I Ching Creates Crisis for Psychotherapist During a Session

The I Ching put me into one of the toughest crises of my career as a psychologist. This ancient Chinese oracle can mirror the wisdom of the unconscious, or higher self. It had helped me solve problems, make decisions, and had already literally saved my life. But the doctorates I earned in psychology and social work operated from very different specialized premises.

After many years of relying on the I Ching as a spiritual guide, I had begun integrating the method into psychotherapy sessions. It’s a valuable tool that empowers clients (who can learn the method themselves, if appropriate) and it offered an objective point of view that often revealed the hidden issues of the unconscious. I was a Jungian-oriented psycho-therapist and Jung, himself, had relied upon the I Ching for decades. He already wrote the introduction for the Wilhelm and Baynes translation.

This all made sense and had worked perfectly for years, until one day, in a most difficult case I could see that the I Ching reading the client received during a therapy session was the wrong answer. And, it was not slightly wrong, but totally and horribly, wrong. Like telling a small child that the parent’s divorce really was their fault, after all.

The I Ching’s judgment directly opposed my specialized judgment as a psychologist.
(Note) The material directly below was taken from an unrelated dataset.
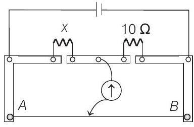 - A meter bridge is set-up as shown in figure, to determine an unknown resistance $X$ using a standard $10$ $ \Omega$ resistor. The galvanometer shows null point when tapping-key is at $52 $ $cm$ mark. The end-corrections are $1 $ $cm$ and $2 $ $cm$ respectively for the ends $A$ and $B$. The determined value of $X$ is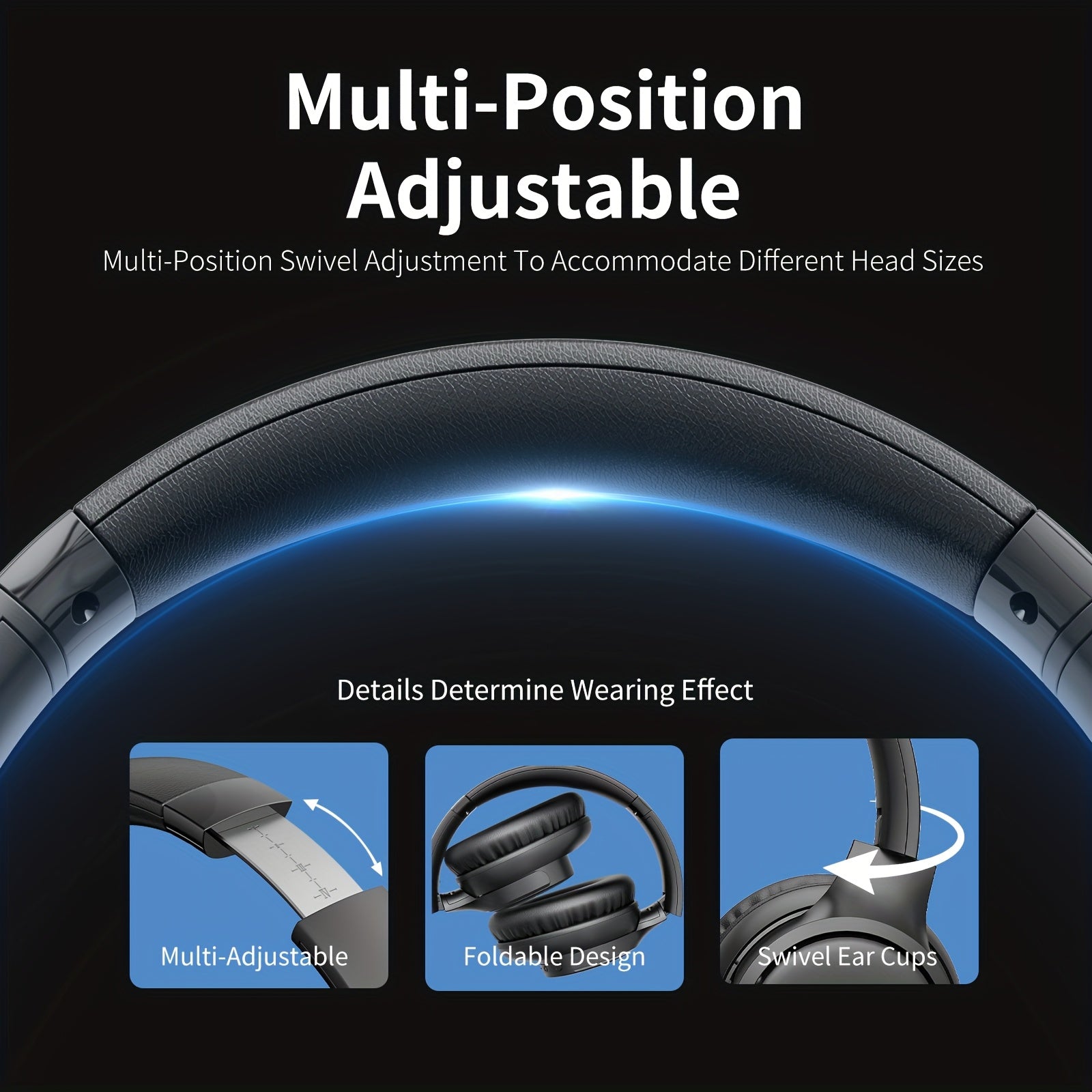 Auriculares supraaurales con micrófono, 65 horas de reproducción, ligeros, plegables y portátiles, con graves estéreo, llamadas manos libres, ideales para juegos, PC y teléfonos móviles, con cancelación de ruido ENC |

This threw me into a spiritual crisis of faith and a specialized conflict in real-time during this session.

The client in question was retained by her denial of the unhealthy character of her father’s failures. (He was less nurturing than Attila the Hun.) She had produced an adaptive can not concentrate of his fathering that had helped her survive childhood, but imprisoned her as an adult, and ultimately must be outgrown.
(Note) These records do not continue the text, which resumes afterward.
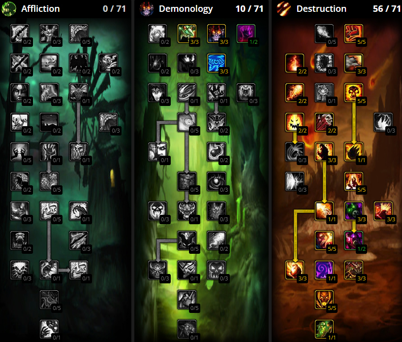 Retrouvez ci-dessous l’arbre de talents optimal du Démoniste Destruction sur World of Warcraft.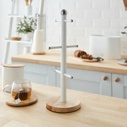The Swan Nordic mug tree keeps mugs and cups close to hand and your kitchen surfaces perfectly clean and tidy. Inspired by Scandinavian design, it combines sophistication and functionality and is a convenient and elegant way to display up to six of your favourite mugs and cups. In Cotton White or Slate Grey with steel accents and a sturdy bamboo base, it is both a practical and stylish addition to any kitchen.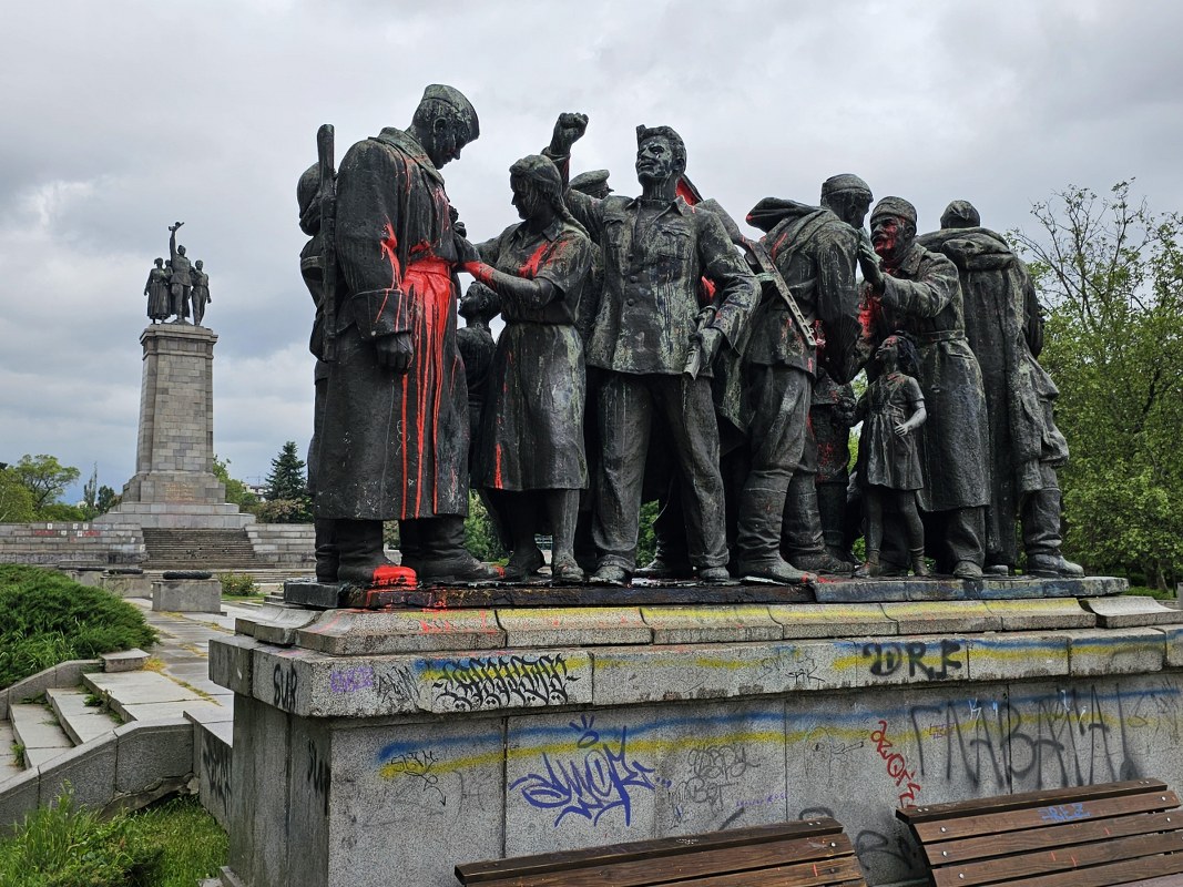 Паметникът на Съветската армия в центъра на София отново осъмна изцапан с боя, съобщи "Булфото".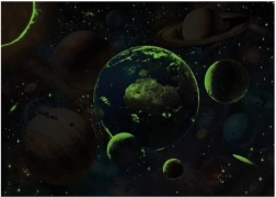 De neonpuzzelstukjes onthullen een prachtig beeld van planeten met gedetailleerde elementen, waaronder Saturnus en de Aarde.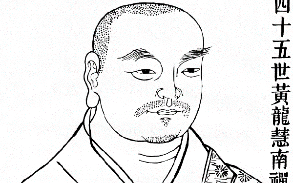 黄龙慧南禅师,乃石霜楚圆禅师之法嗣,俗姓章,信州玉山(今江西玉山县)人。慧南禅师十一岁从本州怀玉寺智銮禅师出家,十九岁落发受具足戒,后游方参学,先后师事于庐山归宗自宝禅师、栖贤澄諟禅师、泐潭怀澄禅师、福岩审承禅师。其中怀澄禅师对慧南禅师尤为器重,曾经令他分座接众,一时名震诸方。时慧南禅师与云峰文悦禅师相友善,文悦禅师是大愚守芝禅师之法嗣、汾阳善昭禅师之嫡孙。文悦禅师见到慧南禅师,每每感叹道:“南,有道之器也,惜未受本色钳锤耳!” 文悦禅师认为慧南禅师将来一定可以成为佛门的龙象,于是找机会提点他,要他去参临济宗第六代传人石霜楚圆禅师(又称慈明禅师)。路途中,慧南禅师遇到由石霜山来的僧人,因为不能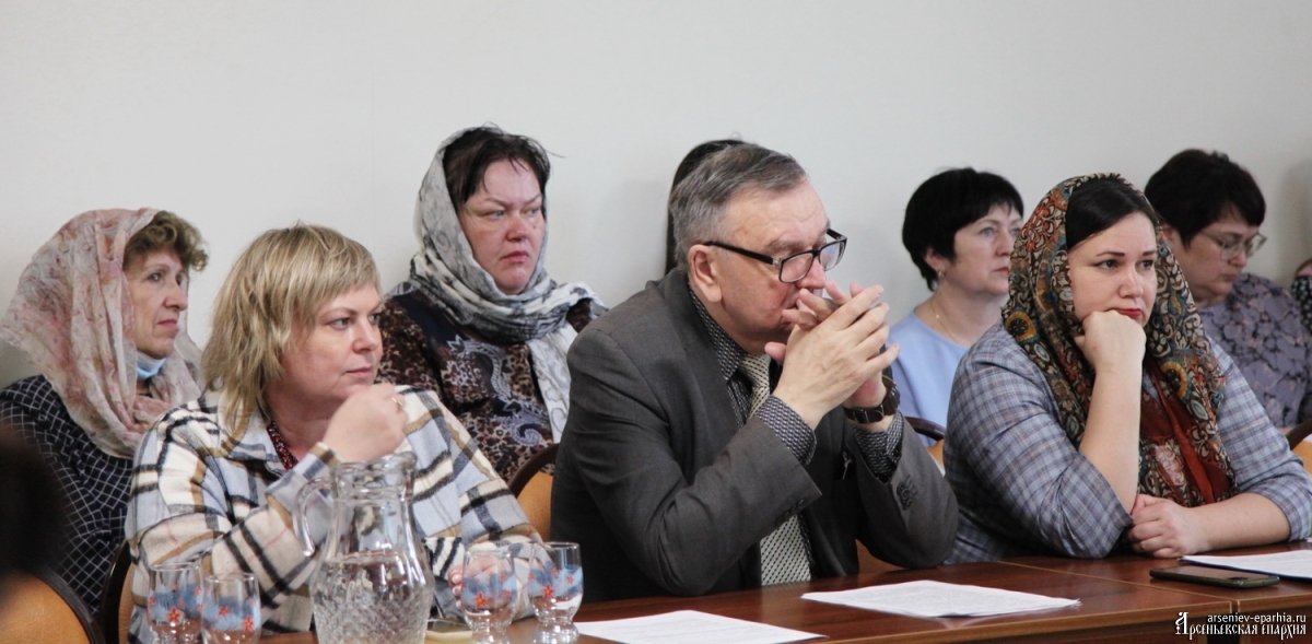 В обсуждении проблемы приняли участие священники Арсеньевской епархии иерей Владимир Пыжиков и иерей Александр Ступа. Они говорили о необходимости духовного подхода к воспитанию детей и сохранении семейных ценностей, ведь именно в семье закладывается отношение ребёнка к тем или иным сторонам жизни. Эта тема прозвучала и в выступлении Александра Ивановича Покрашенко – учителя литературы и истории СОШ №5, представителя учительской династии.

Every attempt to discuss the father’s negative history triggered a fierce defense of her “rosy” can not concentrate. “He wasn’t as bad as people say” had been countering any criticism for decades. It confined out a reality too painful for the child, but necessary for the adult to confront. Perhaps, since she had come to trust the I Ching, if she were to cast a reading during our session, it could offer an objective view that she might take to heart.

The client was eager to hear this feedback and so was I–until I saw the answer it was my job to read to her. She had asked: “How should I view my father?” She threw the coins and yielded the hexagram of “The Family,” which made sense, but it had only positive comments describing and praising the behavior of the head of the family! (OMG)

Psychologically, this was dead wrong. This view could satisfy and further entrench her resistance to the truth. Should I choose psychology over spirituality and cancel the reading because I didn’t like the outcome? How could I responsibly include this reading in her session if it might further confirm her weakening delusions of dad? Should I be using this powerful Jungian tool in therapy at all when I am not in control of the answers?

I chose, in the moment, to finish what I had begun and read aloud–with great distress and upset-how too much “severity toward one’s own flesh and blood leads to remorse” but is better than too little discipline. This seemed to justify the father! Lines 5 and 6 were worse! I read aloud in agony things like:

“As a king he approaches his family… a king is the symbol of a fatherly man who is richly endowed in mind. He does nothing to make himself feared; on the contrary, the whole family can trust him, because love governs their intercourse. His character of itself exercises the right influence… His work commands respect” and more (Wilhelm & Baynes translation).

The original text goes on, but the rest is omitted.